Il n’apparaît pas inéquitable de laisser à la charge de la société JR SERVICES les frais irrépétibles que [Localité 5] HABITAT – OPH a exposés dans le cadre de cette instance. Il convient donc de condamner la société JR SERVICES à payer à [Localité 5] HABITAT – OPH la somme de 300 euros au titre de l’article 700 du code de procédure civile.

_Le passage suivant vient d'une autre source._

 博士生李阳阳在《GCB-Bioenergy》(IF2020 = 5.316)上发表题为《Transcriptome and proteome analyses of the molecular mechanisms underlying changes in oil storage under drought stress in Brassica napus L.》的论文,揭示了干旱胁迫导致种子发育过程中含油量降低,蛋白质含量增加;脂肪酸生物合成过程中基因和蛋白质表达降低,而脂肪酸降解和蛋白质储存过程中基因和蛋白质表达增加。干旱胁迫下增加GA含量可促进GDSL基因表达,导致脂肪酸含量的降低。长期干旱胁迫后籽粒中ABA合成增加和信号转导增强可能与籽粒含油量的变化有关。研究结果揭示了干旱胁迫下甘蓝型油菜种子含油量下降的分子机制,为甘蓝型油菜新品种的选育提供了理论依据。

Conformément à l’article 514 du code de procédure civile, la présente ordonnance est assortie de l’exécution provisoire, de droit.
PAR CES MOTIFS
Nous, juge des référés, statuant en audience publique, par ordonnance réputée contradictoire et en dernier ressort, rendue par mise à disposition au greffe le jour de son délibéré,
CONSTATONS que les conditions d’acquisition de la clause résolutoire contenue dans le bail conclu le 8 octobre 2020 entre [Localité 5] HABITAT – OPH, d’une part, et la société JR SERVICES, d’autre part, concernant l’emplacement de stationnement n° 0044 situé dans l’ensemble immobilier du [Adresse 1], sont réunies à la date du 26 mai 2024,
CONSTATONS la résiliation du bail à compter de cette date,
ORDONNONS, à défaut de départ volontaire des lieux, à l’expiration de ce délai, l’expulsion de la société JR SERVICES ainsi que de tout occupant de son chef, dans un délai de deux mois à compter de la signification d’un commandement d’avoir à libérer les lieux, avec l’assistance de la force publique si besoin est, ainsi que le transport des meubles laissés dans les lieux loués, conformément aux dispositions des articles L433-1 et L433-2 du code des procédures civiles d’exécution,
FIXONS le montant de l’indemnité d’occupation mensuelle due par la société JR SERVICES à compter du 26 mai 2024, date de la résiliation
du bail, et jusqu’à la libération définitive des lieux, à une somme égale au montant mensuel du loyer indexé et des charges qui auraient été dus si le bail s’était poursuivi,
CONDAMNONS la société JR SERVICES à payer à [Localité 5] HABITAT – OPH l’indemnité d’occupation mensuelle à compter du 26 mai 2024 et jusqu’à la complète libération des lieux, avec intérêts au taux légal à compter de l’exigibilité de chacune des échéances,
CONDAMNONS la société JR SERVICES à payer à [Localité 5] HABITAT – OPH la somme de 1202,27 euros au titre des loyers, charges et indemnités d’occupation arrêtés au 28 octobre 2024, échéance de septembre 2024 incluse, avec intérêts au taux légal à compter de l’assignation du 12 septembre 2024 sur la somme de 1042,65 euros et à compter de la présente ordonnance pour le surplus,
ORDONNONS la capitalisation des intérêts dus pour au moins une année entière,
CONDAMNONS la société JR SERVICES à payer à [Localité 5] HABITAT – OPH la somme de 300 euros au titre de l’article 700 du code de procédure civile,
CONDAMNONS la société JR SERVICES aux dépens de l’instance, comprenant les frais de signification du commandement de payer du 16 mai 2024,
RAPPELONS que la présente ordonnance est assortie de l’exécution provisoire de droit.
Ainsi jugé et mis à disposition au greffe les jour, mois et an susdits, et signé par le Juge et la Greffière susnommées.